Thanks! I think I saw these before, but forgot about them. The STM32F4 Discovery board uses the STM32F407VGT6 which has 192kb of ram and a lot of other cool stuff too. I just spent a while looking at the data sheet. Memory protection, peripheral interfaces galore, 4k of ultra-low-power backup SRAM, realtime clock, hardware RNG, what's not to like? Wow! This thing can reach into areas where I had been thinking of using a Linux board with DRAM.

I remember having some issue with the Discovery board, probably about the toolchain, but as pure hardware goes it's pretty impressive.

Reply to
Paul Rubin

32-bit microcontrollers usually have significantly more ram than 8/16-bit microcontrollers in the same price class. But I haven't seen many with more than 128 KB (Freescale's M4 series stops there) - Freescale's MPC56xx PPC-based chips are the only ones I've used, and they don't count as small or low-cost.

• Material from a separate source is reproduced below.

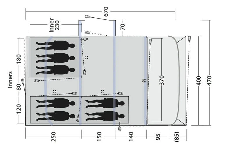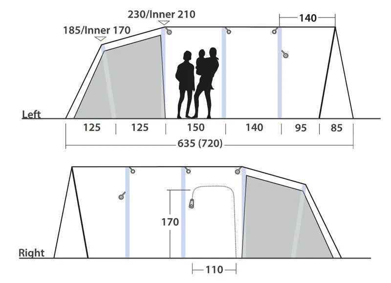 The Outwell Vermont 7 Air tent is notable for its spacious and modern design. With the option to enter through the front, side, or rear doors, and the ability to store the two-person inner tent to create more space, this tent provides convenience and comfort. The large windows allow for natural light, while the side porch offers protected entry to the tent. Enjoy ample headroom and floor space in this expansive tent, ideal for relaxation and quality time.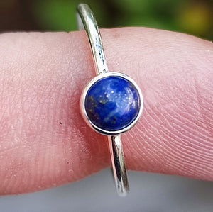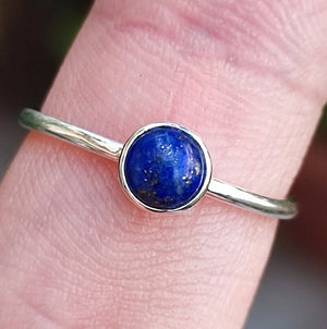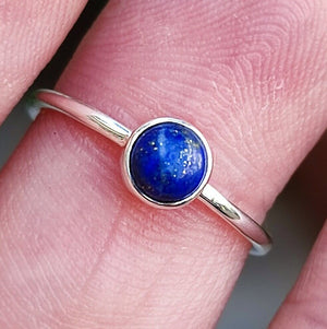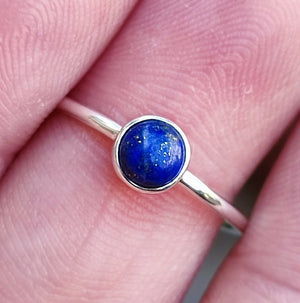Lapis Lazuli Round Sterling Silver Handmade Women Cute Ring, Lapis Lazuli Silver Ring, Dainty Minimalist Ring, Gift for her Birthday

It's not actually a question of the "latest" processes, but the "optimised" process. When making a chip design, you have a lot of factors to consider - then number of layers, the types of layers, the size of the geometry, etc. The layer stackups suited for DRAM, SRAM, Flash, and low-power digital, high-speed digital, high accuracy analogue, and low-power analogue are all different. So when a designer wants to combine a large SRAM with a fast microcontroller on the same die, he must choose between having the SRAM larger, slower, and more expensive per bit - or having the microcontroller larger, slower, and more power-consuming.

Stacked dies do exist, as do side-by-side multi-die chips. But they are a lot more expensive to manufacture and test, and introduce big challenges for power distribution on the die, and heat dissipation. It is certainly a technology that is up-and-coming for memories (DRAM and Flash), but in these chips you have multiple identical dies which makes it much easier. I've seen articles about I/O standards and drivers aimed at in-chip inter-die buses, but I won't hold my breath waiting for them to appear in low-cost microcontrollers.

Reply to
David Brown

Sounds like a PDP-11/34 on chip :-).

192 KiB might be on the low side for Linux, but some older RSX-11 or early Unixes style OSes would run fine in this amount of RAM. Of course, these OSes were disk based, i.e. programs (and overlay segments) were loaded from disk into core/RAM, thus some (shared) Flash or even rotating disks might be needed for program storage.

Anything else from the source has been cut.